Swahn Eva, Lekedal Hanna, Engvall Jan, Nyström Fredrik H, Jonasson Lena
Department of Cardiology, Linköping University Hospital, Linköping, Sweden.
Department of Health, Medicine and Caring Sciences, Faculty of Medicine, Linköping University, Linköping, Sweden.
Eur Heart J Open. 2023 Aug 25;3(5):oead085. doi: 10.1093/ehjopen/oead085. eCollection 2023 Sep.
Dilation of the ascending aorta (AA) is often asymptomatic until a life-threatening dissection or rupture occurs. An overall increase in the use of thoracic imaging has enabled early and sometimes incidental identification of AA dilation. Still, the prevalence and determinants of AA dilation remain to be clarified. The aim was to identify and characterize persons with AA dilation in a middle-aged Swedish population.
We used the Swedish CardioPulmonary BioImage Study Linköping ( = 5058, age 50-65 years) to identify cases with AA diameter ≥ 40 mm on coronary computed tomography angiography (CCTA) or chest computed tomography.

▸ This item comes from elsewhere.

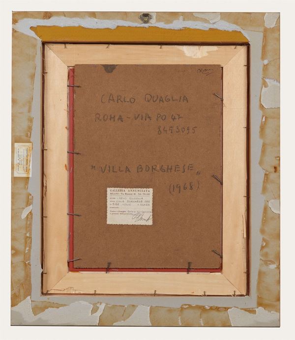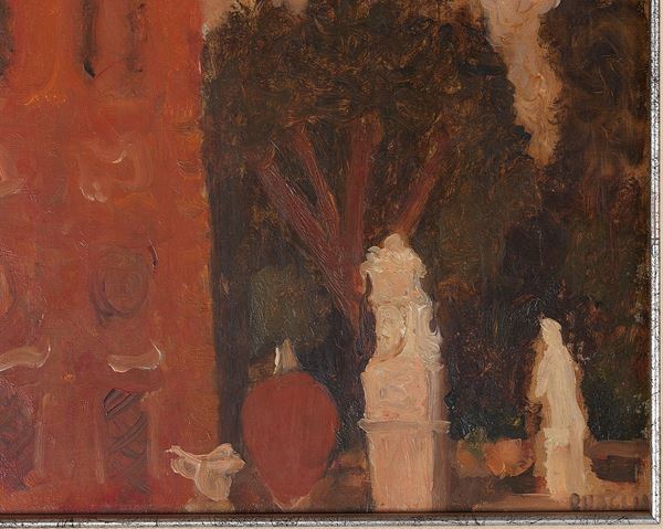 Firmato. "Villa Borghese" olio su masonite cm 35 x 25

Age- and gender-matched individuals with AA diameter < 40 mm served as controls. Echocardiography, blood pressure (BP) measurements (office and home), pulse wave velocity (PWV), coronary artery calcification (CAC), CCTA-detected coronary atherosclerosis, and carotid ultrasound were used to characterize these subjects. We identified 70 cases (mean AA diameter 44 mm, 77% men) and matched these to 146 controls (mean AA diameter 34 mm). Bicuspid aortic valve and aortic valve dysfunction were more common in cases than in controls (8% vs. 0% and 39% vs. 11%, respectively). Both office and home BP levels were significantly higher among cases. Also, high PWV (>10 m/s) levels were more common in cases (33% vs. 17%). Neither CAC scores nor prevalence or burden of atherosclerosis in coronary and carotid arteries differed between groups.

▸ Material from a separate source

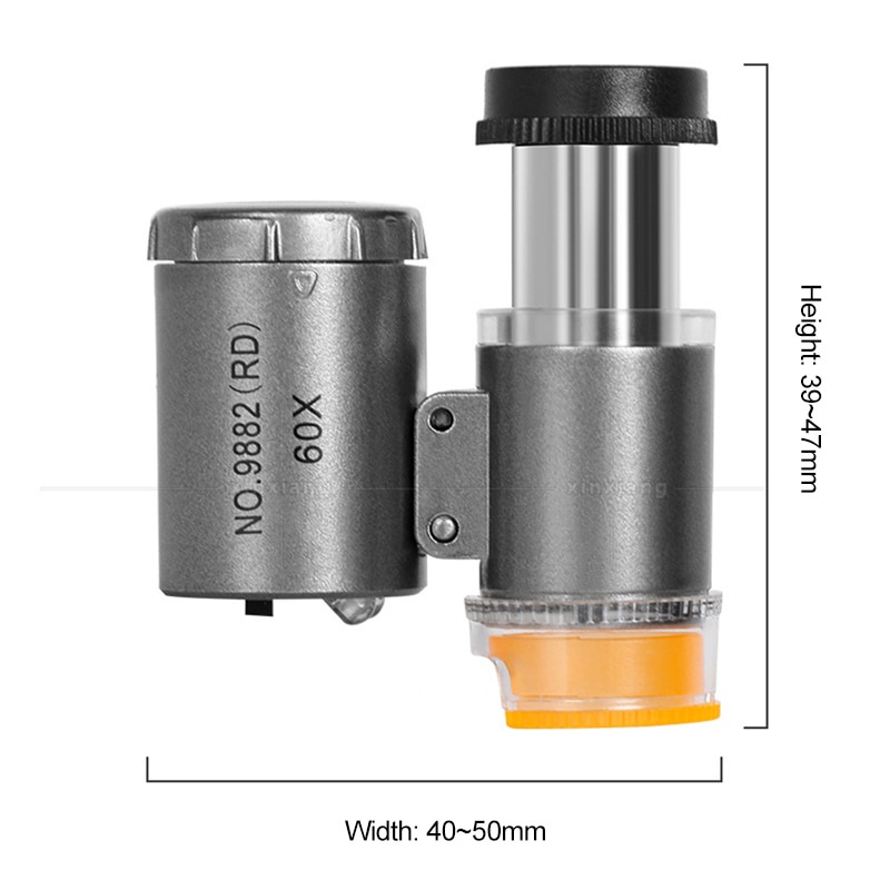 Kính lúp mini bỏ túi 40X 25mm có đèn LED chiếu sáng và hộp đựng nhựa tiện lợi

The prevalence of dilated AA was 1.4% and showed positive associations with male gender, aortic valve pathology, and diastolic BP, though not with subclinical atherosclerosis.
升主动脉(AA)扩张通常无症状,直至发生危及生命的夹层或破裂。胸部影像学检查的广泛应用使得能够早期甚至偶然发现AA扩张。然而,AA扩张的患病率和决定因素仍有待明确。本研究旨在识别并描述瑞典中年人群中AA扩张患者的特征。
我们利用瑞典林雪平心肺生物图像研究(n = 5058,年龄50 - 65岁),通过冠状动脉计算机断层扫描血管造影(CCTA)或胸部计算机断层扫描识别升主动脉直径≥40 mm的病例。升主动脉直径<40 mm的年龄和性别匹配个体作为对照。采用超声心动图、血压测量(诊室和家庭)、脉搏波速度(PWV)、冠状动脉钙化(CAC)、CCTA检测的冠状动脉粥样硬化以及颈动脉超声对这些受试者进行特征描述。我们识别出70例病例(升主动脉平均直径44 mm,77%为男性),并将其与146例对照(升主动脉平均直径34 mm)进行匹配。病例组中二尖瓣主动脉瓣和主动脉瓣功能障碍比对照组更常见(分别为8%对0%和39%对11%)。病例组的诊室和家庭血压水平均显著更高。此外,病例组中高PWV(>10 m/s)水平更常见(33%对17%)。两组之间的CAC评分以及冠状动脉和颈动脉粥样硬化的患病率或负担均无差异。
扩张性AA的患病率为1.4%,与男性性别、主动脉瓣病变和舒张压呈正相关,但与亚临床动脉粥样硬化无关。